* Data excerpt
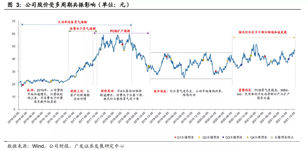 從歷史趨勢來看,公司業(yè)務(wù)受到下游周期性影響。復(fù)盤公司歷史業(yè)績,公司整體收入呈現(xiàn)典型的多周期共振特點(diǎn),受到宏觀驅(qū)動(dòng)的激光設(shè)備周期、PCB產(chǎn)業(yè)擴(kuò)產(chǎn)周期、大客戶新產(chǎn)品周期以及新興產(chǎn)業(yè)擴(kuò)產(chǎn)周期影響。
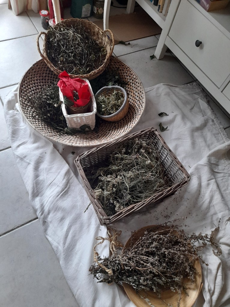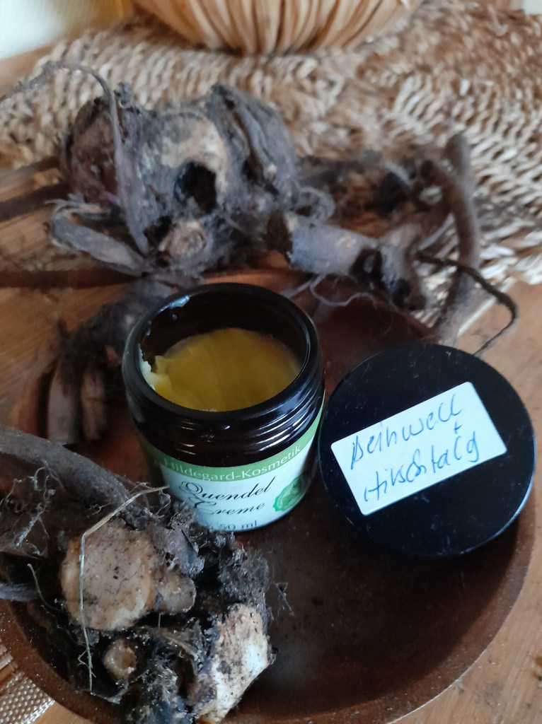 Vorhin habe ich noch schnell die letzten Samenkörner der Mariendistel in Alkohol getränkt (die bereits angesetzten ergeben schon die typische gelbe Farbe einer Mariendisteltinktur), die letzten Blüten der Ringelblume verbleiben noch etwa zwei Wochen in ihrem Ölbad und die Beinwell-Wurzel (gestern ausgebuddelt) möchte noch „tranchiert“ werden, um das Salben-Repertoire auffüllen zu können. Ebenfalls in der Warteschleife sind noch die Löwenzahnwurzel-Tinktur und das Schöllkraut.
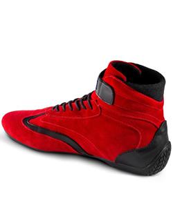 The Sparco Top racing shoe brings back design and styling from Sparco's best-selling shoes from the past. The high-top design provides excellent ankle support, aided by a padded tongue and rear ankle bellows for high mobility and comfort levels. The Sparco Top race shoe is constructed from high-quality suede with leather patches to protect areas prone to wear. A traditional lacing system and a single Velcro strap provide a secure fit. The sole is made from a thin molded rubber that is resistant to fuel and oil and provides superb grip with dexterity on the pedals. The Sparco Top shoe features a wide Velcro strap for greater ankle support and guaranteed fit and hold. A balance point on the heel improves driving sensitivity. FIA 8856-2018 Approved. Available in black, blue, and red colorways. Sizes: 37-48.

* Task to complete
Write out exactly the opening lines of the data, stopping after the line that holds "Vorhin habe ich". Exclude pictures.

* Answer space
 從歷史趨勢來看,公司業(yè)務(wù)受到下游周期性影響。復(fù)盤公司歷史業(yè)績,公司整體收入呈現(xiàn)典型的多周期共振特點(diǎn),受到宏觀驅(qū)動(dòng)的激光設(shè)備周期、PCB產(chǎn)業(yè)擴(kuò)產(chǎn)周期、大客戶新產(chǎn)品周期以及新興產(chǎn)業(yè)擴(kuò)產(chǎn)周期影響。
 Vorhin habe ich noch schnell die letzten Samenkörner der Mariendistel in Alkohol getränkt (die bereits angesetzten ergeben schon die typische gelbe Farbe einer Mariendisteltinktur), die letzten Blüten der Ringelblume verbleiben noch etwa zwei Wochen in ihrem Ölbad und die Beinwell-Wurzel (gestern ausgebuddelt) möchte noch „tranchiert“ werden, um das Salben-Repertoire auffüllen zu können. Ebenfalls in der Warteschleife sind noch die Löwenzahnwurzel-Tinktur und das Schöllkraut.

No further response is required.